Task directions:
Determine the number of lines in the entries below in which the word "This" appears, and reply with that number only.

Collected data entries:
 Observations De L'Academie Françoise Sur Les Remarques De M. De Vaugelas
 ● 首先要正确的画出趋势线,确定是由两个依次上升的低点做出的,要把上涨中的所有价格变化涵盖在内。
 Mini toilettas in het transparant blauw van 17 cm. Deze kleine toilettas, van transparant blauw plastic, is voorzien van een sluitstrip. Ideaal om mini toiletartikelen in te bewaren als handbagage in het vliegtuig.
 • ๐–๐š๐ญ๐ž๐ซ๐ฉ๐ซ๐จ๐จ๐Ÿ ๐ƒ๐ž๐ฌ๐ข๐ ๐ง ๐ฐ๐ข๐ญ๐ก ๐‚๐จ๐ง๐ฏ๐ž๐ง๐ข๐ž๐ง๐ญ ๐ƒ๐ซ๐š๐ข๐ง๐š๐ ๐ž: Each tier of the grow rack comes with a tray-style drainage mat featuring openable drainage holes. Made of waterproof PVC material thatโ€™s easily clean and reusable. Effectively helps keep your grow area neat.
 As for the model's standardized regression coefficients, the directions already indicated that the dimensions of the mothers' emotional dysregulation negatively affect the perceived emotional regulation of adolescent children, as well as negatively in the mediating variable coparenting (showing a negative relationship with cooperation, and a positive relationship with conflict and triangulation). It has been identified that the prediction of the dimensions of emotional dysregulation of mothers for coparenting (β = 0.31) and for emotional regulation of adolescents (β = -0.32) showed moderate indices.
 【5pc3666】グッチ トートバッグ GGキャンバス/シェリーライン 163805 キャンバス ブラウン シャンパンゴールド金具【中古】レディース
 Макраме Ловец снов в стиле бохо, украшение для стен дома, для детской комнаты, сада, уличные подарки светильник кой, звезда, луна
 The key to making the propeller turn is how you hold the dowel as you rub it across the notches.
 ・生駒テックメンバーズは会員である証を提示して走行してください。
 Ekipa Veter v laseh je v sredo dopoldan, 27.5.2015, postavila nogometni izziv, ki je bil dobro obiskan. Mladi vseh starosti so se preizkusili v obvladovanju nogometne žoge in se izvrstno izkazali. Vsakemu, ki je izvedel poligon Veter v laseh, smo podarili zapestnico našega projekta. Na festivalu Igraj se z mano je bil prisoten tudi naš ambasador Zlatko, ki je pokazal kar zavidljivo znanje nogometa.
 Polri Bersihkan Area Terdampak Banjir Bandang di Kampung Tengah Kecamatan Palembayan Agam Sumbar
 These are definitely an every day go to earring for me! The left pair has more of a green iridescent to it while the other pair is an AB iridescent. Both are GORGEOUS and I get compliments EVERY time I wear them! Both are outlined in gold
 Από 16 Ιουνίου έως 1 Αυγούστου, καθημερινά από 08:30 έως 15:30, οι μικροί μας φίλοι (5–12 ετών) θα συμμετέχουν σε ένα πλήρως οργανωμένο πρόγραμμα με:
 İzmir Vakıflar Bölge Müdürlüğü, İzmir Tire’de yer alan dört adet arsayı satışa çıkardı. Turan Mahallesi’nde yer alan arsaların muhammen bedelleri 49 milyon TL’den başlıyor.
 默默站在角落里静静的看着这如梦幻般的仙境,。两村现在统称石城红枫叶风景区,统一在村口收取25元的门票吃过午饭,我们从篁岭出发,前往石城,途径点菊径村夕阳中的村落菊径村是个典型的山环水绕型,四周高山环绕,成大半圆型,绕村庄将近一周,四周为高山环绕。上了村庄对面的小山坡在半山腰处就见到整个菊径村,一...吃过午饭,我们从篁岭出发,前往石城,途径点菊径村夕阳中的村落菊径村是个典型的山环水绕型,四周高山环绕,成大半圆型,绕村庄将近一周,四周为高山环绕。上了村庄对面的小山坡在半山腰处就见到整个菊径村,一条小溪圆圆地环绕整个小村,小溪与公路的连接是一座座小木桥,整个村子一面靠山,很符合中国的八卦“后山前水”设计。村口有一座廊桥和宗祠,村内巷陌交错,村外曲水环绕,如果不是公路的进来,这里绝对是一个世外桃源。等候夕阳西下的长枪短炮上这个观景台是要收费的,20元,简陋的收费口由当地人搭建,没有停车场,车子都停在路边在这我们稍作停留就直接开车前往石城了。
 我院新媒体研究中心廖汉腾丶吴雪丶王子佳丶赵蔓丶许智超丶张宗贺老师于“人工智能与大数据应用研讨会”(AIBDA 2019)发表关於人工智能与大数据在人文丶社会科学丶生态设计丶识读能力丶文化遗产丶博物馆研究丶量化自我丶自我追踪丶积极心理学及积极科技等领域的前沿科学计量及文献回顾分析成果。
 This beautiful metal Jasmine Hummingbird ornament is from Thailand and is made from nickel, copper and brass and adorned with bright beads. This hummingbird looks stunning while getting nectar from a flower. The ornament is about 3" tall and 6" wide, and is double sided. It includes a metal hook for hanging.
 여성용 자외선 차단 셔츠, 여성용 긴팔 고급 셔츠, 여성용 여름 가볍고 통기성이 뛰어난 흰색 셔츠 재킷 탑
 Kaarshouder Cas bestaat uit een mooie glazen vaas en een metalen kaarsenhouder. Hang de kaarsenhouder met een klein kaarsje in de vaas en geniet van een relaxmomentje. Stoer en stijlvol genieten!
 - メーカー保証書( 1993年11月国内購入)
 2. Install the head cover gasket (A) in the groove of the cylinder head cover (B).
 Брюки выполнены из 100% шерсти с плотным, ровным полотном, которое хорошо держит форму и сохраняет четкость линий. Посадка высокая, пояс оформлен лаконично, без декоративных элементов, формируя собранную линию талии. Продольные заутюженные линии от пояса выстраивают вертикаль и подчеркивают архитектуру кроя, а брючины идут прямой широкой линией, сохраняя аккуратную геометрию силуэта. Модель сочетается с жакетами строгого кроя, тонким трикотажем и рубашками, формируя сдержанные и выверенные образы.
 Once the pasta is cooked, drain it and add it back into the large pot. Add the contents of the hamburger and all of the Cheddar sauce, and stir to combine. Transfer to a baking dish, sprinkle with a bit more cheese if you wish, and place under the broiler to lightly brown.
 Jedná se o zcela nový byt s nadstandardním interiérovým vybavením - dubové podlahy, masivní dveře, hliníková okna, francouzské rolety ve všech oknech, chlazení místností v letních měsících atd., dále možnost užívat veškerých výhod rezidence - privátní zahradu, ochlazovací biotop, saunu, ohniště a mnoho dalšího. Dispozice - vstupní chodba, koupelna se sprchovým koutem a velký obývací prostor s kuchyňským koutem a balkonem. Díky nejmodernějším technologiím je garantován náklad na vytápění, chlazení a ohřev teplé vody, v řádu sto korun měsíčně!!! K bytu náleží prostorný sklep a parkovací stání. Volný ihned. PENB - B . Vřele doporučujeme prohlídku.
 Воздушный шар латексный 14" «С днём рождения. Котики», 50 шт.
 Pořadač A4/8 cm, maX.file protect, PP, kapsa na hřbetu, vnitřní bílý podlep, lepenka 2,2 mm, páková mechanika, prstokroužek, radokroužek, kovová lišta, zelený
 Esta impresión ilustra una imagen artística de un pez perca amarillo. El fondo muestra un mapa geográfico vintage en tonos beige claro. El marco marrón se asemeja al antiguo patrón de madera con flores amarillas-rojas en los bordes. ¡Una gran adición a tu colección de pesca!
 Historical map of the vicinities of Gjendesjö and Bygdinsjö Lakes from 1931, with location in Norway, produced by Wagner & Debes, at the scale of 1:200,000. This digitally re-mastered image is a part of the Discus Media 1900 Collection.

Response box:
2